Per-build test failure history for percona-server-8.0-pipeline-parallel-mtr
on ps80, backed by Prometheus, visualised in Grafana.
Only UNSTABLE/FAILURE builds are ingested.
| Service | URL |
|---|---|
| Grafana dashboard | https://mtr-dashboard.cd.percona.com/d/mtr-history/mysql-mtr-history |
| Prometheus | https://prom-mtr.cd.percona.com (read-only) |
| Jenkins job | https://ps80.cd.percona.com/job/mysql-mtr-history-dashboard/ |
Jenkins pipeline (ps80/mysql-mtr-history-dashboard)
│
├─ Fetch ──► REST API (stdlib urllib) ──► builds/<instance>_<job>_<N>.json
│ per-build JSON with platform, tests[], summary, failure_message
│
├─ Export ─► openmetrics_exporter.py ──► promtool/by-build/<NNNNN>.openmetrics.txt
│ one file per build, 5 metric families, real build-start timestamps
│
├─ Merge ──► promtool/merged.openmetrics.txt
│ single sorted file, HELP/TYPE headers deduplicated
│
└─ Ingest ─► rsync to Hetzner ──► promtool tsdb create-blocks-from ──► Prometheus ──► Grafana
curl /-/reload dashboards provisioned from this repo
| Path | Purpose |
|---|---|
mtr_history/ |
Python package (click CLI + pydantic models, uv-managed) |
mtr_history/tests/ |
60 pytest cases (junit parser, REST fetcher, OpenMetrics exporter) |
bin/mtr-ingest |
Shell script for local ingest (rsync + promtool + reload) |
builds/ |
Generated per-build JSONs (gitignored) |
promtool/ |
Generated OpenMetrics text (gitignored) |
grafana/dashboards/ |
Dashboard JSON, provisioned via file provisioner |
grafana/provisioning/ |
Grafana provisioning YAML |
grafana/compose.override.yml |
Docker Compose override for Grafana volume mounts |
compose.yml |
Docker Compose stack (Prometheus, Grafana, Caddy, Pushgateway, Node Exporter) |
caddy/Caddyfile |
Caddy reverse proxy + TLS config |
Jenkinsfile |
Pipeline definition (4 stages: Setup, Fetch, Export, Ingest) |
jenkins-job.yaml |
Job config for jenkins job create/update |
justfile |
Local task runner (25 recipes) |
pyproject.toml |
Python >=3.11, deps: click + pydantic, entry point: mtr-backfill |
Single panel: Failure matrix -- tests x builds (table).
Columns: Build, Suite, Test, Worker, Branch, Error. Sorted by Build desc. Build and Test columns link to Jenkins.

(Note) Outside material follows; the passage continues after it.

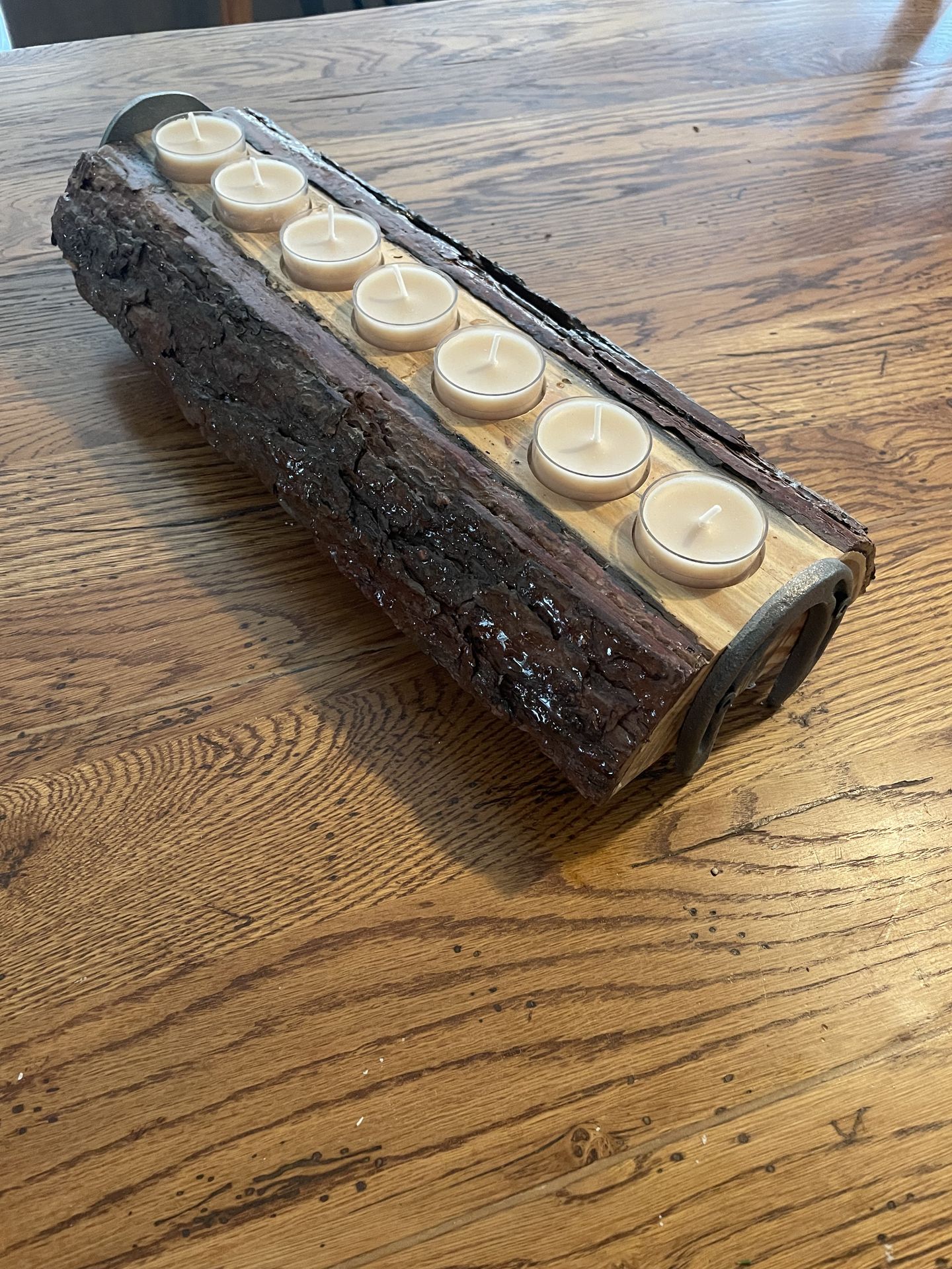 Wooden log candle holder Decorative horseshoes on sides Includes candles 5 x 14 x 4H Brand new never used

Default time range: now-90d. Samples are timestamped at build start time
(sparse historical events), so shorter ranges go blank as builds age.
Filters (all default to All): OS, Build Type, Arch, Branch, Fork, Suite, Test.
Deploy changes:
just push-dashboard # rsync JSON, Grafana picks up within 30s
just deploy-dashboard # full deploy: dashboards + provisioning + compose overrideJob: mysql-mtr-history-dashboard on ps80 (manually triggered).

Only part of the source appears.